Exercise details: Each line below must be set down exactly; omit any image you find.

Data segment:
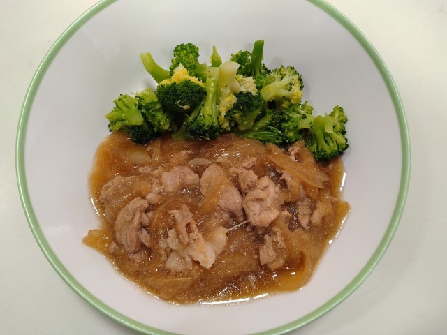 【本日の献立】 ワンタンスープ 豚肉のおろし炒め ゆでブロッコリー ごはん MILK
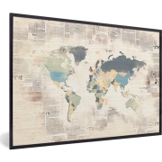 Fotolijst incl. Poster - Wereldkaart - Bruin - Krant - 120x80 cm - Posterlijst
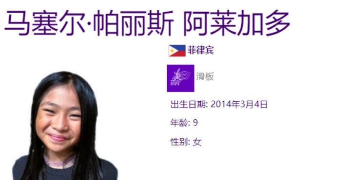 其中,年龄最小的菲律宾选手马塞尔•帕丽斯•阿莱加多,出生于2014年3月4日,今年才9岁,她是今天参赛年龄最小的选手,也是本次杭州亚运会年龄较小的选手之一。

Task answer:
 【本日の献立】 ワンタンスープ 豚肉のおろし炒め ゆでブロッコリー ごはん MILK
 Fotolijst incl. Poster - Wereldkaart - Bruin - Krant - 120x80 cm - Posterlijst
 其中,年龄最小的菲律宾选手马塞尔•帕丽斯•阿莱加多,出生于2014年3月4日,今年才9岁,她是今天参赛年龄最小的选手,也是本次杭州亚运会年龄较小的选手之一。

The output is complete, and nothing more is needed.